Work to be completed: Everything from the line containing "Stickerkoning Border Terrier" through the line containing "This document discusses" in the listing below should be copied exactly, and nothing more.

Records shown:
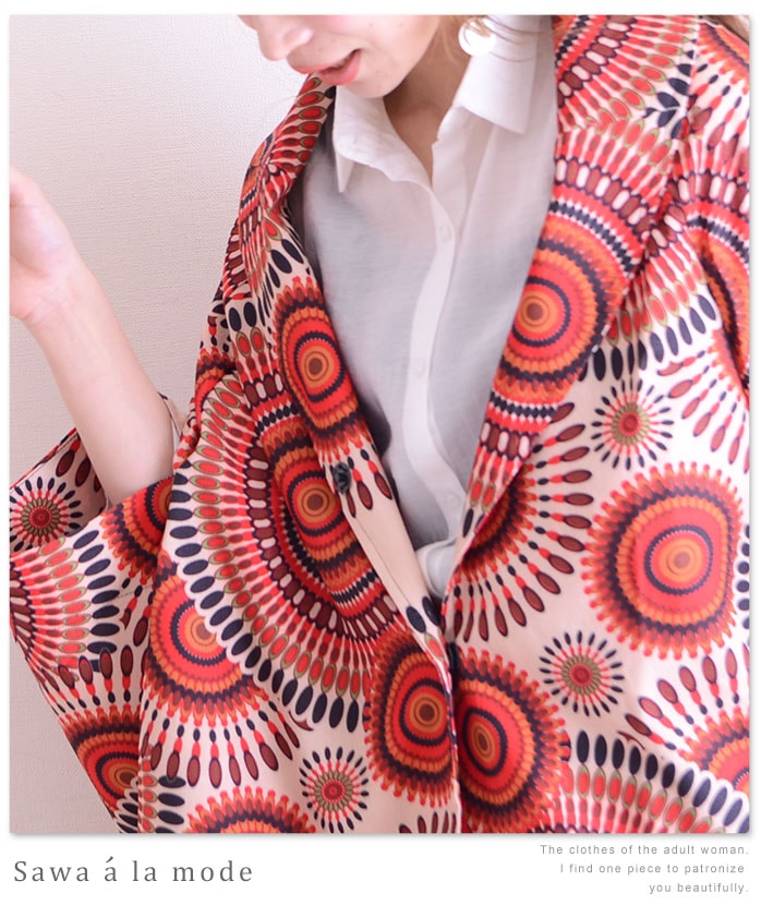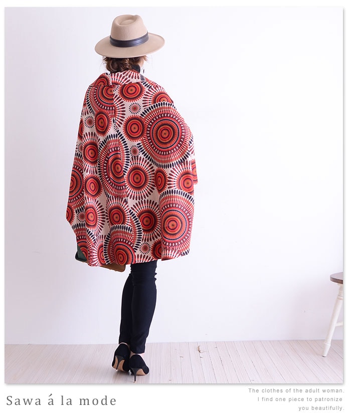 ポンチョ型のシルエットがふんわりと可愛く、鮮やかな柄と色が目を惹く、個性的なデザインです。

==

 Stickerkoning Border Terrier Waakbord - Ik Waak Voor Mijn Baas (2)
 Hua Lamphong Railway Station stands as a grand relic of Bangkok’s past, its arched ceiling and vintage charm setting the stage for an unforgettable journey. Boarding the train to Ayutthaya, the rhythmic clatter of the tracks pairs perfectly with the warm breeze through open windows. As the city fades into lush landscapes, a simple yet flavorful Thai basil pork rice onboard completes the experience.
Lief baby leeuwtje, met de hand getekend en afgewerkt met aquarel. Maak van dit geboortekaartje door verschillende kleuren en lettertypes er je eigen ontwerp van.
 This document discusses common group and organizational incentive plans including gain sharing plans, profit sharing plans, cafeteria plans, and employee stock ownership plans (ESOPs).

Response to this exercise:
 Stickerkoning Border Terrier Waakbord - Ik Waak Voor Mijn Baas (2)
 Hua Lamphong Railway Station stands as a grand relic of Bangkok’s past, its arched ceiling and vintage charm setting the stage for an unforgettable journey. Boarding the train to Ayutthaya, the rhythmic clatter of the tracks pairs perfectly with the warm breeze through open windows. As the city fades into lush landscapes, a simple yet flavorful Thai basil pork rice onboard completes the experience.
Lief baby leeuwtje, met de hand getekend en afgewerkt met aquarel. Maak van dit geboortekaartje door verschillende kleuren en lettertypes er je eigen ontwerp van.
 This document discusses common group and organizational incentive plans including gain sharing plans, profit sharing plans, cafeteria plans, and employee stock ownership plans (ESOPs).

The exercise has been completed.